Segment Start: Given entries
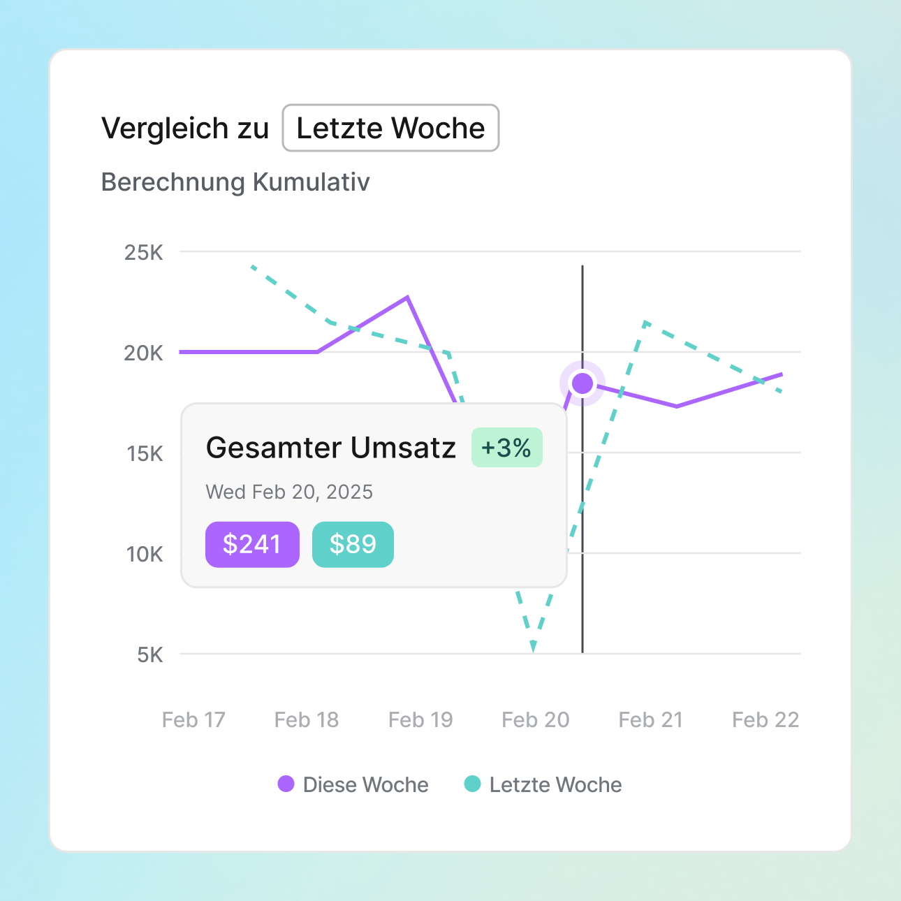 Vergleichen Sie die aktuelle Performance-Daten mit jedem vergangenen Zeitraum. Identifizieren Sie Trends, erkennen Sie Anomalien und beantworten Sie Business-Fragen schneller – mit flexiblen Zeiträumen, die die Entwicklung von Kampagnen über die Zeit sichtbar machen.
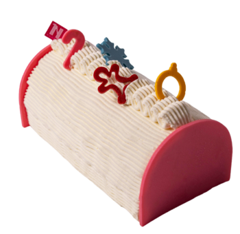 Indulge in fresh vanilla panna cotta, a light mousse made with clear maple syrup and decorated with classic macaron biscuits. Our signature cake!
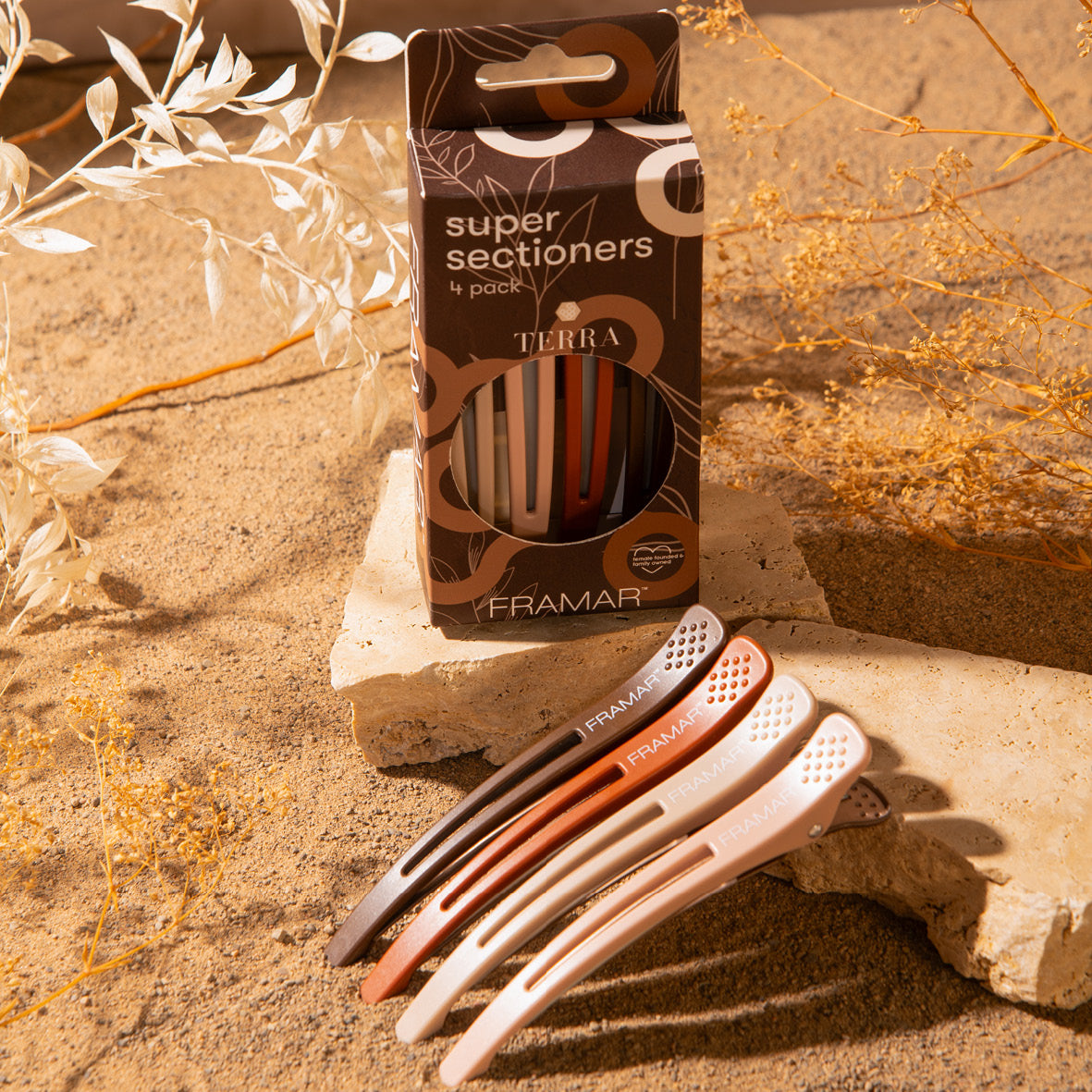 Framarin Super Sectioner-klipseillä jaat hiukset osioihin ilman painaumia. Klipsin napakka, mutta pehmennetty pito pitää sen tiukasti paikallaan silikoniliuskan ansiosta. Kemikaaleja kestävä ja värjäytymätön materiaali.
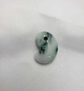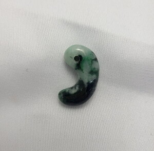 サイズ:41×17×厚12mm 重さ:15.4g ●緑色が綺麗なミャンマー翡翠。こちらは透明感の有る氷種(アイスジェダイト)の勾玉です。貫通穴が有ります。ペンダントトップや下げ飾り等に。
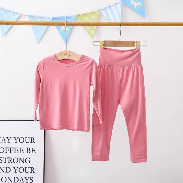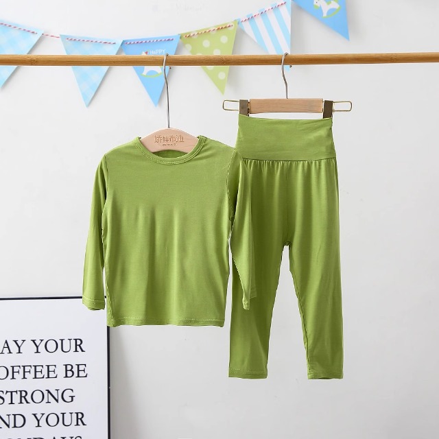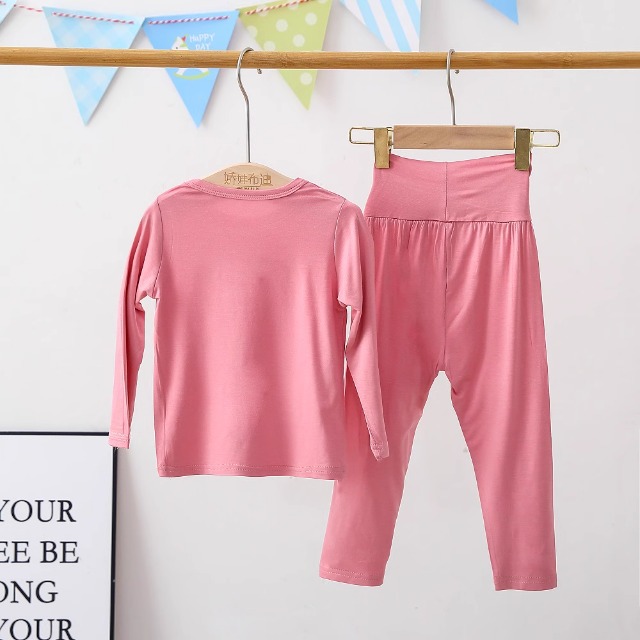 아동 잠옷 모달 봄, 가을 하이 웨이스트 배꼽 보호 가정복 소년 소녀 아기 가을 옷과 긴 바지 속옷 세트
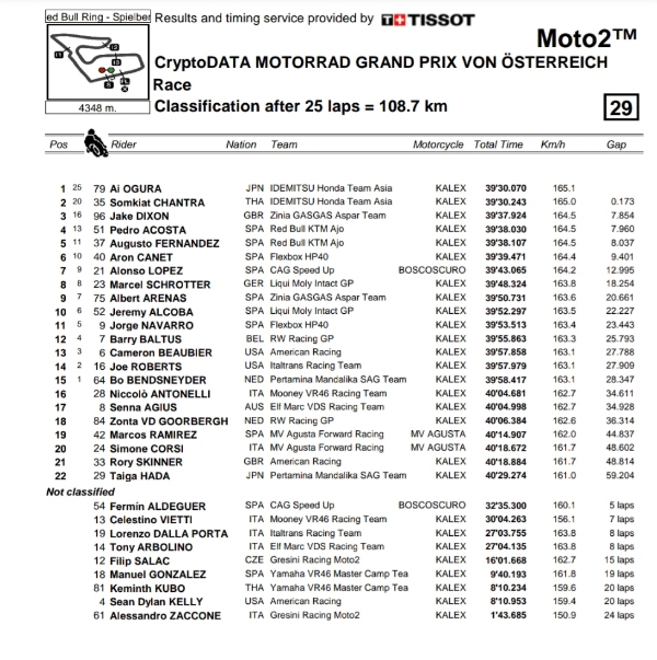 OtomotifZone.com-Austria. Laga Moto2 sirkuit Spielberg, Austria 21 Agustus 2022 sukses di kuasi duet Idemitsu Honda Team Asia. Lewat Ai Ogura yang keluar sebagai juara dan Somkiat Chantra sebagai runner-up. Duet ini kembali bersanding di podium bersama.
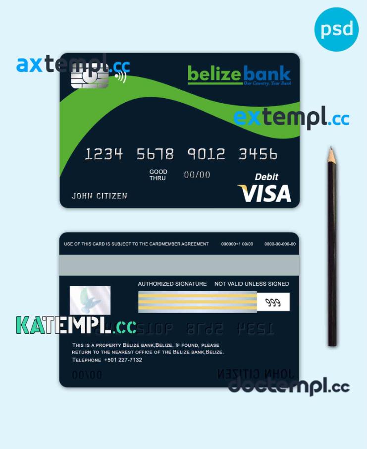 sample Belize Belizebank visa card debit card template in PSD format, fully editable download
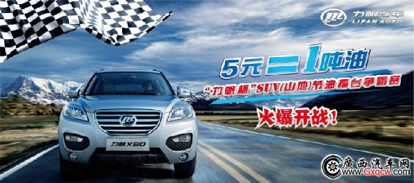 2) 力帆X60車主自備力帆X60汽車參賽;其他參賽人員可使用經(jīng)銷商提供的X60車輛參賽,也可以使用自己的車輛,但必須滿足活動(dòng)參賽車型要求;
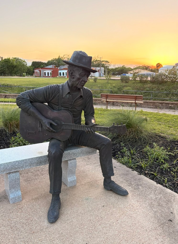 Navasota last night – the Blues Capital of TX with some great public art and near to both Presidential Libraries for George H.W. & George W. Bush.
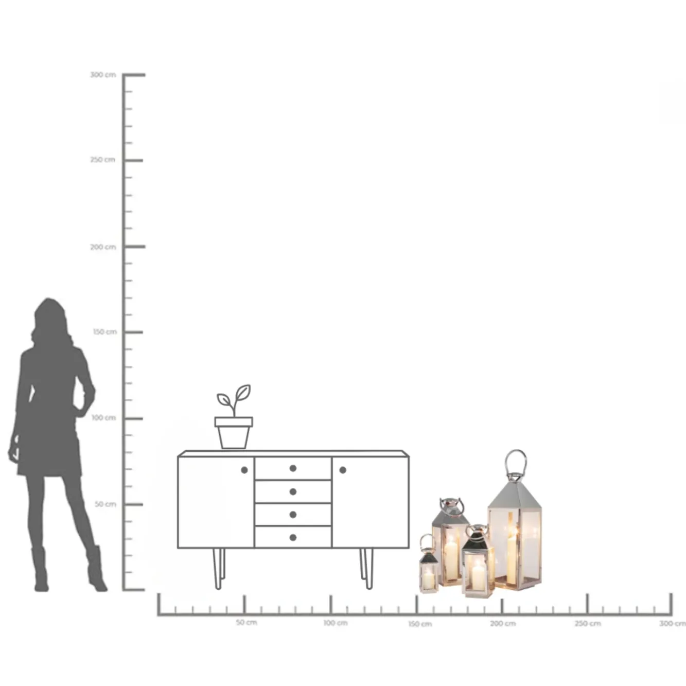 Latarenki Giardino (4-set) srebrneGiardino Latarenki (4/Set) Wymiary największej latarenki: 71 x 24 x 23 cm
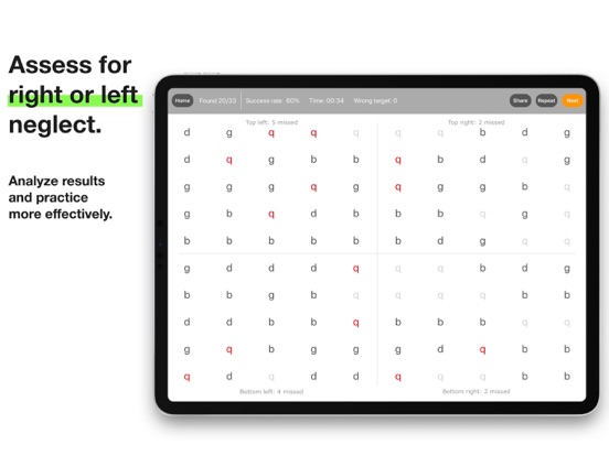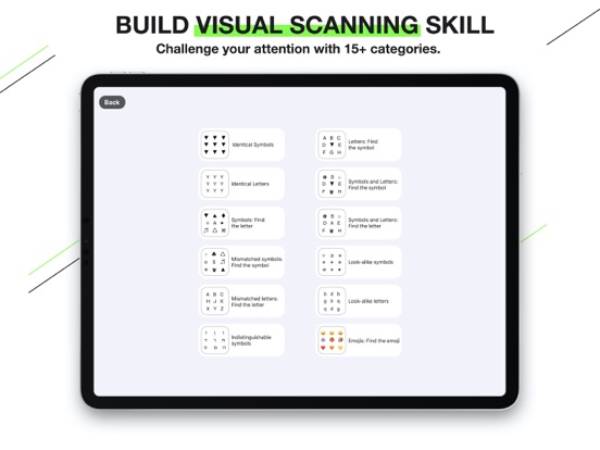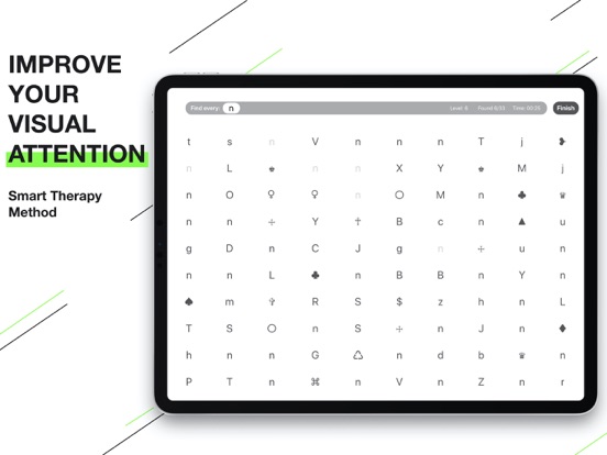 Improve scanning by finding targets in a grid. You can adjust the grid size and the difficulty. Learn to move the eyes correctly by scanning from left to right across the screen. Just like reading a book. In this way, you will improve your reading and speed of processing.
Segment End: Given entries
● Problem to work on: When copying from the data above, begin at the line containing "sample Belize Belizebank" and end at the line containing "Navasota last night"; return those lines exactly and leave all pictures behind.

● Solution for this task:
 sample Belize Belizebank visa card debit card template in PSD format, fully editable download
 2) 力帆X60車主自備力帆X60汽車參賽;其他參賽人員可使用經(jīng)銷商提供的X60車輛參賽,也可以使用自己的車輛,但必須滿足活動(dòng)參賽車型要求;
 Navasota last night – the Blues Capital of TX with some great public art and near to both Presidential Libraries for George H.W. & George W. Bush.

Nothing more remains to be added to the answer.